The Sundown Motel by Simone St. James. Digital review copy via NetGalley. I really enjoyed St. James’s last novel, The Broken Girls. When I saw her new novel was about a haunted motel, I had to read it.

This is a dual timeline novel set in the 1980s and current days. A young woman who worked the night shift at the motel goes missing in the 1980s. Thirty years later, the niece of the missing woman ends up in the same upstate NY town and takes a job working the night shift at the same motel.

That’s creepy enough. But the niece soon finds out there have also been three women murdered in this small town. Is there a connection to her aunt’s disappearance? What do the ghosts of the motel have to do with it all?

The dual storyline works well in this story but there was some repetition between both stories that I grew a bit impatient with. I saw St. James in conversation with Jennifer McMahon at the Northshire Bookstore in Manchester, VT the week the novel came out. McMahon mentioned that she liked what she called “the echo” between to the two story lines. Her way of looking at the repetition intrigued me and has caused me to think back on my reading in a new light.

This is not a hardcore horror novel. It is more of a mystery/thriller with ghosts, but it is creepy and scary enough for those who enjoy some ghost action.

Cover of The Southern Book Club's Guide to Slaying Vampires by Grady Hendrix

The Southern Book Club’s Guide to Slaying Vampires by Grady Hendrix. Digital review copy via Edelweiss. Pubs on April 7, 2020. Hendrix writes in his author’s note that he wanted to pit his Mom against Dracula. This is the best premise for a novel that I’ve heard in a long time.

The novel starts out like a delightfully humorous Southern novel in the tradition of The Divine Secrets of the Ya Ya Sisterhood or Fried Green Tomatoes at the Whistle Stop Cafe and then it gets dark. And then darker.

Hendrix uses gender and race to show how discrimination benefits not only certain humans, but vampires as well. Same with typical teenage behavior towards their parents.

Reader beware: this is some serious Southern fried horror. I loved it. A mysterious man moves into an exclusive historic neighborhood in Charleston, SC and . . . you’ll have to read it yourself to find out the rest.

Library Visits

I’ve also managed to write two library posts so far this year. My goal is to have at least one monthly library post.

In January I shared photos of the Cushman Library in Bernardston, MA. These were photos that I took in 2014 and never got around to posting. The Cushman is a public library was built in 1862.

Yesterday I posted about an unplanned visit to NYU’s Bobst Library in Manhattan. This academic library was built in 1973.

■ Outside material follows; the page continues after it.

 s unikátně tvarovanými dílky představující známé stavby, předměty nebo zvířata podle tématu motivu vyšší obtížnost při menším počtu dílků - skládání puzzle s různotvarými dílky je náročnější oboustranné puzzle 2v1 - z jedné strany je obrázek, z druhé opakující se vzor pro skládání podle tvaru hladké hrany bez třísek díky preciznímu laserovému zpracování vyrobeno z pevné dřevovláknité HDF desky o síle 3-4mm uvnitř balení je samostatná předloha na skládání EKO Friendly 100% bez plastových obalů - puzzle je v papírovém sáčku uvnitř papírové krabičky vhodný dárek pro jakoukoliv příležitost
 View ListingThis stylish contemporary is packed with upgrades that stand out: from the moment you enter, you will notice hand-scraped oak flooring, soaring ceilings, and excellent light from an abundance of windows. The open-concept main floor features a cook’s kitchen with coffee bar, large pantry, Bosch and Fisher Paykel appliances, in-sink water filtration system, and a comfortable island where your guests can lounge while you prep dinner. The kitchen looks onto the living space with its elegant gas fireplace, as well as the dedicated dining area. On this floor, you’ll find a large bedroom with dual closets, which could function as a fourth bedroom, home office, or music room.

Although these two libraries were built over 100 years apart and for different purposes, I was struck by their similarities in appearance. They’re both imposing, red square-like structures. Both communicate the value of the books and knowledge they hold inside.


6 comments

  1. Ooh! I need to check out Maybe You Should Talk to Someone. I just started going to therapy for the first time since I was in college. It’s wonderful! I’m glad to hear you enjoyed The Sundown Motel and The Southern Book Club’s Guide to Slaying Vampires! I need to go pick those two up the next time I make a trip to my local bookshop!

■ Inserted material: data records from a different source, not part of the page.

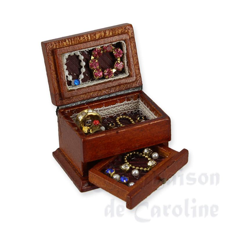 Boîte à bijoux bois garnie, tiroir miniatures 1/12ème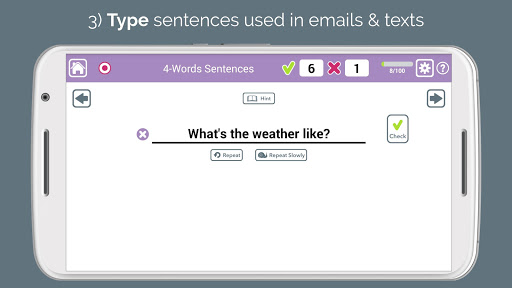 3) Type: Practice typing common sentences from 1-8 words in length. These 400 sentences are ones you might use in an online chat, text message, email, or social media discussion.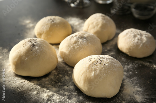 Unbaked buns with poppy seeds on table

    • Good for you! Glad to hear it. The Southern Book Club’s Guide to Slaying Vampires comes out on April 7th. I forgot to add that and just updated the post. I look forward to hearing what you think about it.

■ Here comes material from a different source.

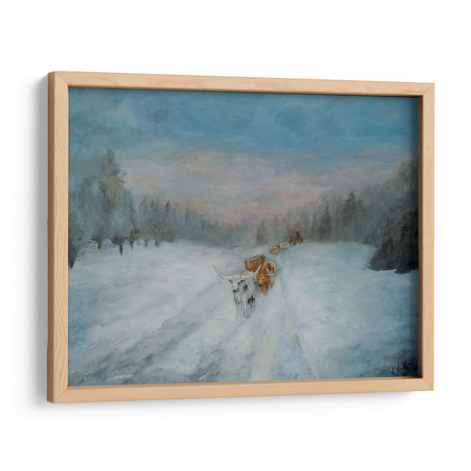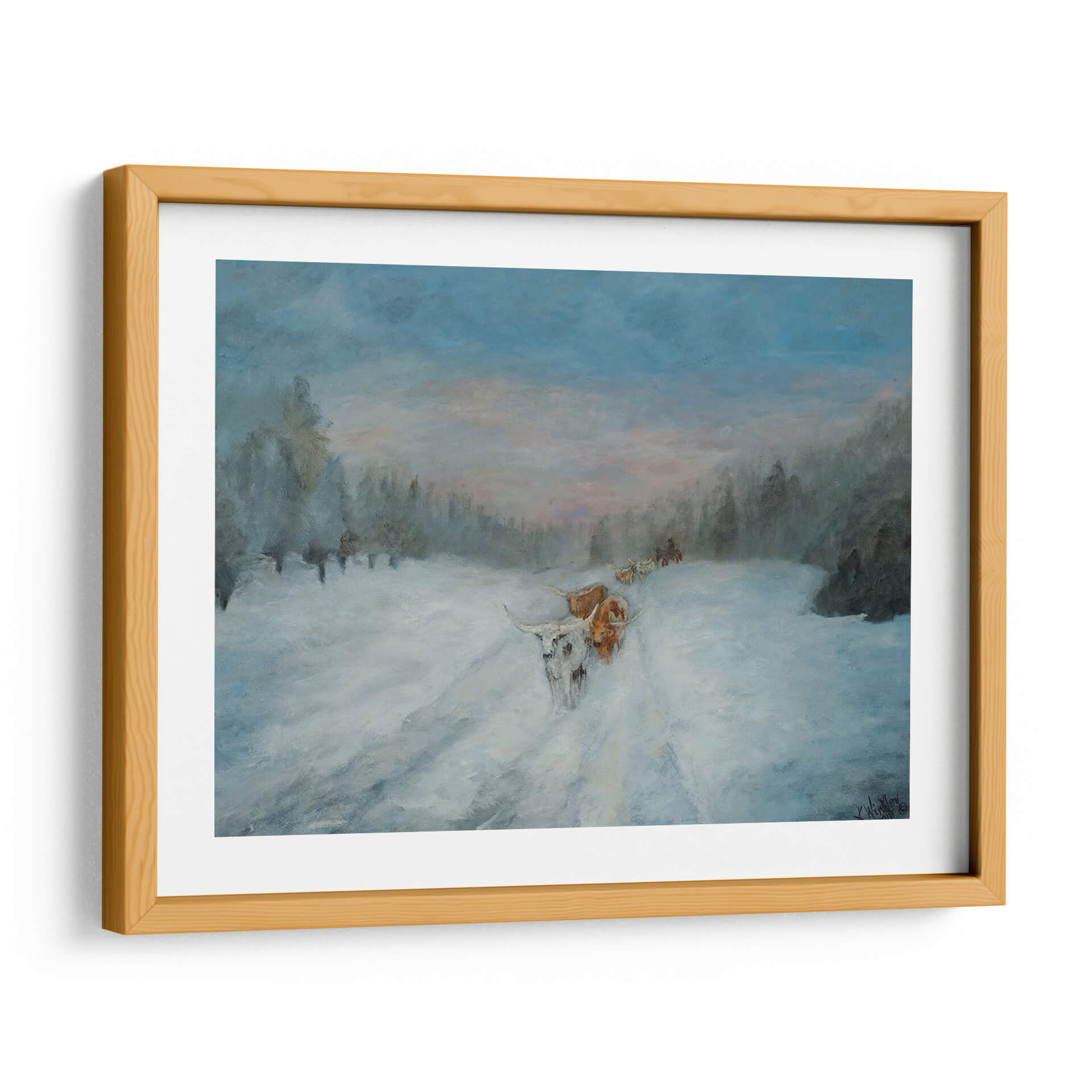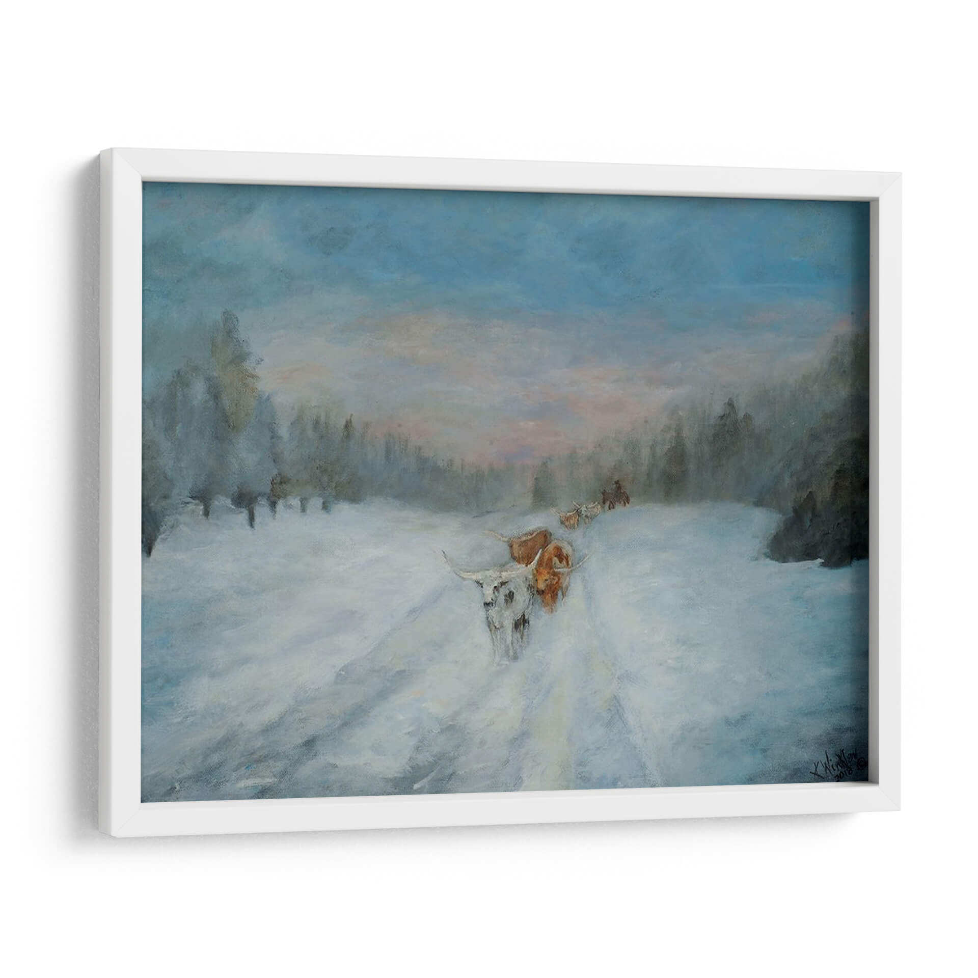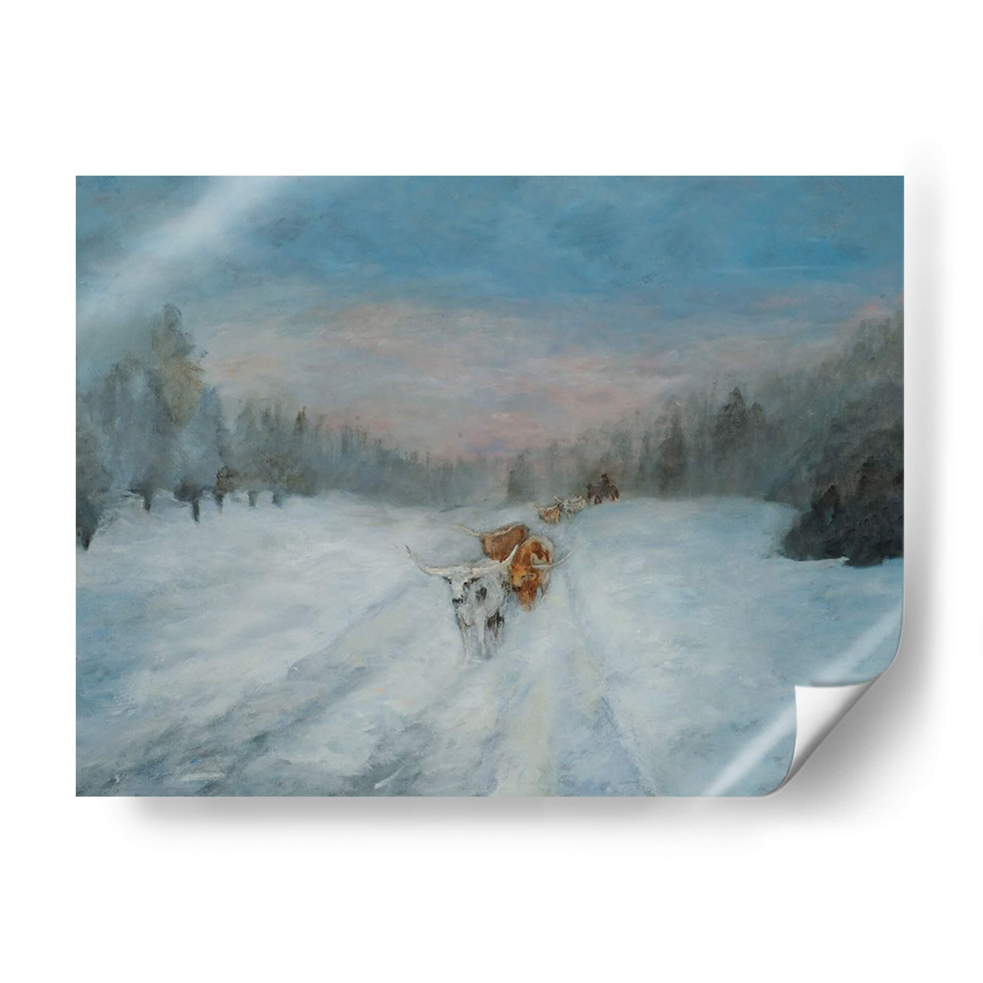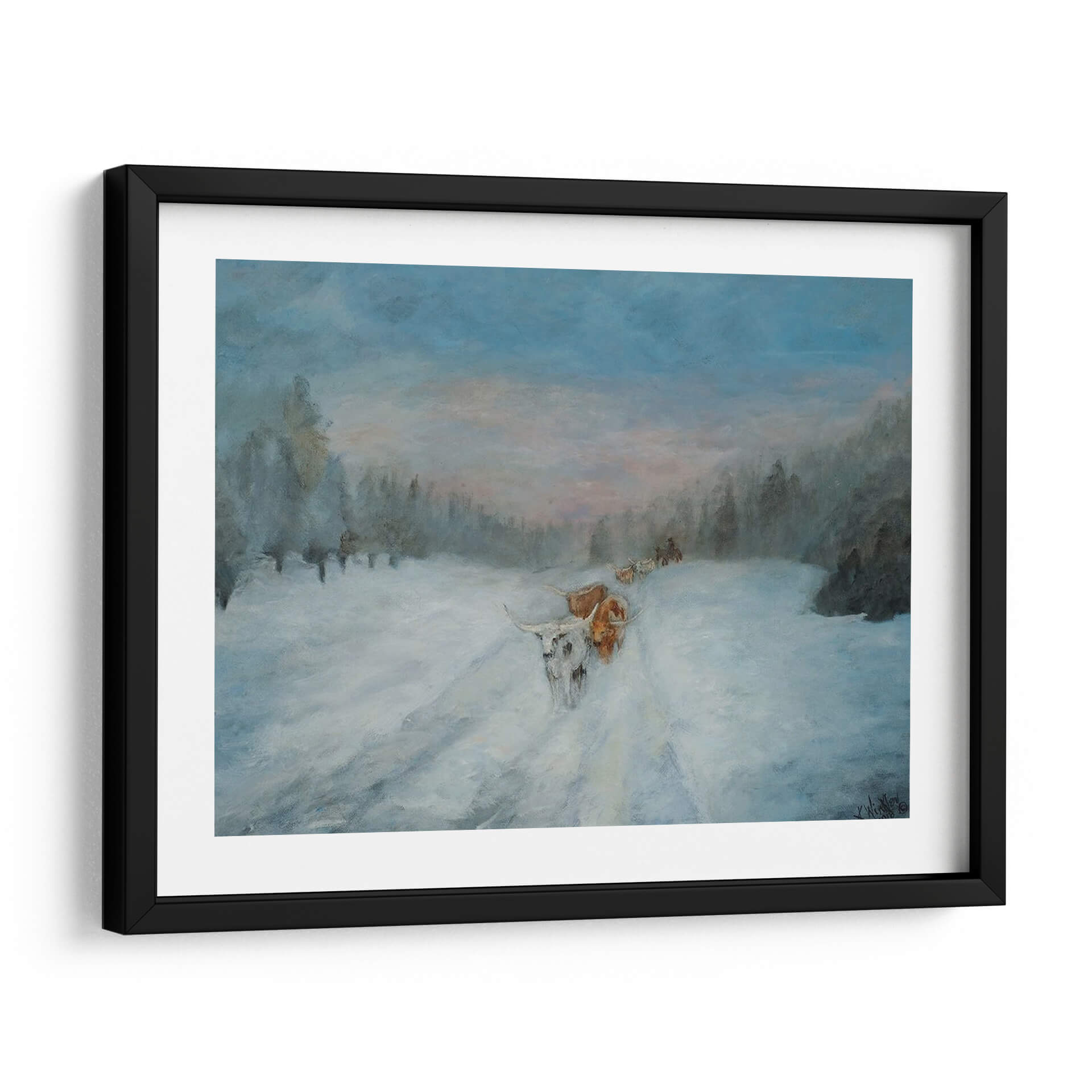 Sumérgete en la serena belleza del invierno con "Viaje a Través de la Nieve IV", una cautivadora obra de arte de Kathy Winkler. Esta pieza evoca la majestuosidad de un paisaje nevado, donde la luz tenue del amanecer o el atardecer baña el escena con tonos pastel que contrastan suavemente con el azul profundo del cielo y la blancura inmaculada de la nieve. La pintura presenta una caravana de animales, posiblemente ganado de cuernos largos, abriéndose camino a través de un camino cubierto de nieve, rodeados por la silueta de árboles invernales. La técnica de Winkler, con pinceladas que sugieren movimiento y atmósfera, dota a la obra de una calidad casi etérea, transmitiendo una sensación de calma, perseverancia y la profunda conexión entre la naturaleza y sus habitantes. Ideal para quienes buscan añadir un toque de tranquilidad y narrativa a su hogar u oficina, este cuadro decorativo es perfecto para espacios que requieren un ambiente de paz y contemplación. Su paleta de colores fríos y terrosos lo convierte en un complemento versátil para una decoración rústica, moderna o contemporánea, invitando a la reflexión sobre la resistencia y la belleza de los paisajes invernales.

    • I bet it did! What a fascinating discussion you all must have had. I’m already tempted to re-read it because there are so many things about it still tickling my brain.

  2. Wow, what a great reading month for you, Chris!

    I also read and loved Becoming (on audio) and, of course, Drive Your Plow …

    And Lucy Barton, You Should Talk to Someone, and End of Your Life Book Club are all high on my TBR list. I actually (finally) started End of Your Life Book Club on a plane in November (I had mistakenly packed the book I was reading), but once we landed and I had my book back, I set it aside – I really need to get back to it! Immersed in Booktopia reading for now!

    Hope the rest of your reading year is just as good! Can’t wait to see you and Emily at Booktopia!!